- [Task requirements] Copy out exactly the lines spanning the line with "- This Friskies" to the line with "Siriwo,targethukum.cim ~ Bertempat", inclusive, from the data underneath, with no pictures.

- [Material shown]
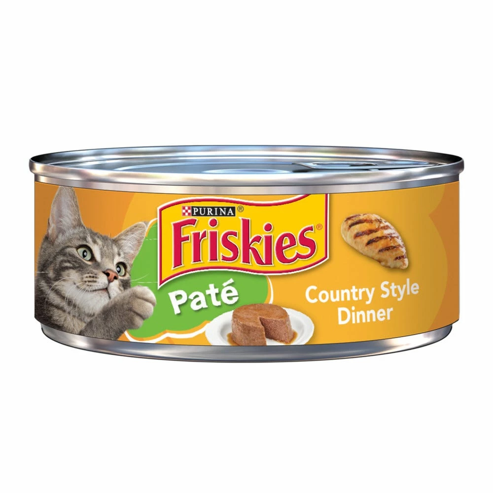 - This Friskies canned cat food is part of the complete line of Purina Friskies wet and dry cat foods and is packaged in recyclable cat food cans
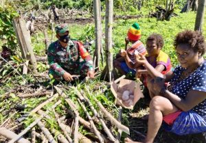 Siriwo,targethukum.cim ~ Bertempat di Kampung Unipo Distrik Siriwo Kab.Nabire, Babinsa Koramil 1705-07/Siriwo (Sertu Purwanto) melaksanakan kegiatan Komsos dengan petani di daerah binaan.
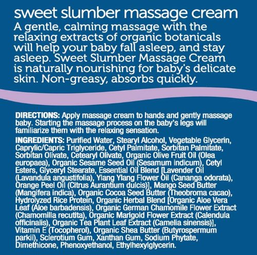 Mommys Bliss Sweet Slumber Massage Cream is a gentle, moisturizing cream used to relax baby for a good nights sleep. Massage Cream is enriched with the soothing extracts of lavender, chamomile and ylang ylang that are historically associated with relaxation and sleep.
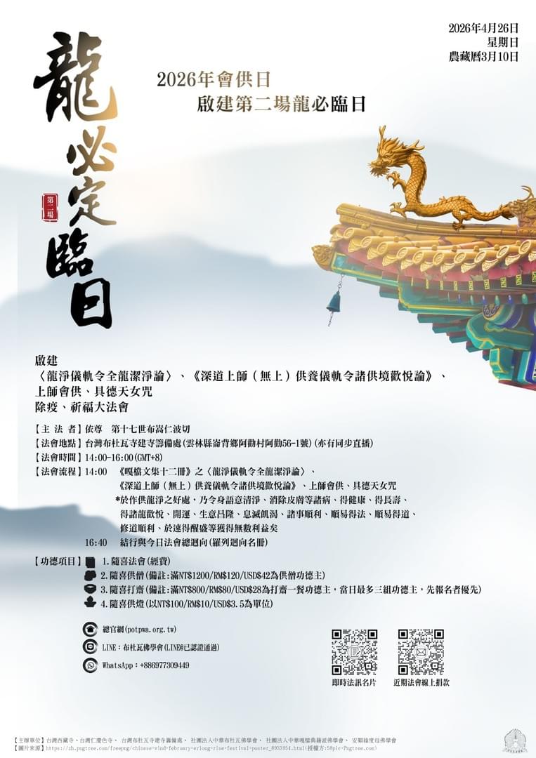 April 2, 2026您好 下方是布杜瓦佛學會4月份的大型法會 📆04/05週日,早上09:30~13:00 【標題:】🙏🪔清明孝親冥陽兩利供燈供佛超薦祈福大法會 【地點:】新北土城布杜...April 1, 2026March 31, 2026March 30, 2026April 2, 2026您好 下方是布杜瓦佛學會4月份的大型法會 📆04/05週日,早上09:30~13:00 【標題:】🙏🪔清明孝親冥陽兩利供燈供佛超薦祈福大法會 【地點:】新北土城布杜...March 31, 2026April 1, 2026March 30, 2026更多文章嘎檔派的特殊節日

---

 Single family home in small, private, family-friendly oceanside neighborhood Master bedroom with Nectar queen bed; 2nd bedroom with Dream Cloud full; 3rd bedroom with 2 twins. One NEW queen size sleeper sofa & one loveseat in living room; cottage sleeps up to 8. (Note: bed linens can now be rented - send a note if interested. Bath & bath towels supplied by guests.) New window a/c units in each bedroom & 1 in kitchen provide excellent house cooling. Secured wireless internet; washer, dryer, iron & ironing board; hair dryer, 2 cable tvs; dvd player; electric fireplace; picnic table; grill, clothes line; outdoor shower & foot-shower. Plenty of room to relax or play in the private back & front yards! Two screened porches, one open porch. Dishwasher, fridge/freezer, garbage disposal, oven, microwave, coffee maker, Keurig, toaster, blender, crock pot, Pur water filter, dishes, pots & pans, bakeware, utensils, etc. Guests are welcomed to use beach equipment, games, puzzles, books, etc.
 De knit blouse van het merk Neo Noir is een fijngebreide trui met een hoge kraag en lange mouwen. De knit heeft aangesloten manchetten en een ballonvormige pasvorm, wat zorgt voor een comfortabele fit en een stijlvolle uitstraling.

- [Written answer]
 - This Friskies canned cat food is part of the complete line of Purina Friskies wet and dry cat foods and is packaged in recyclable cat food cans
 Siriwo,targethukum.cim ~ Bertempat di Kampung Unipo Distrik Siriwo Kab.Nabire, Babinsa Koramil 1705-07/Siriwo (Sertu Purwanto) melaksanakan kegiatan Komsos dengan petani di daerah binaan.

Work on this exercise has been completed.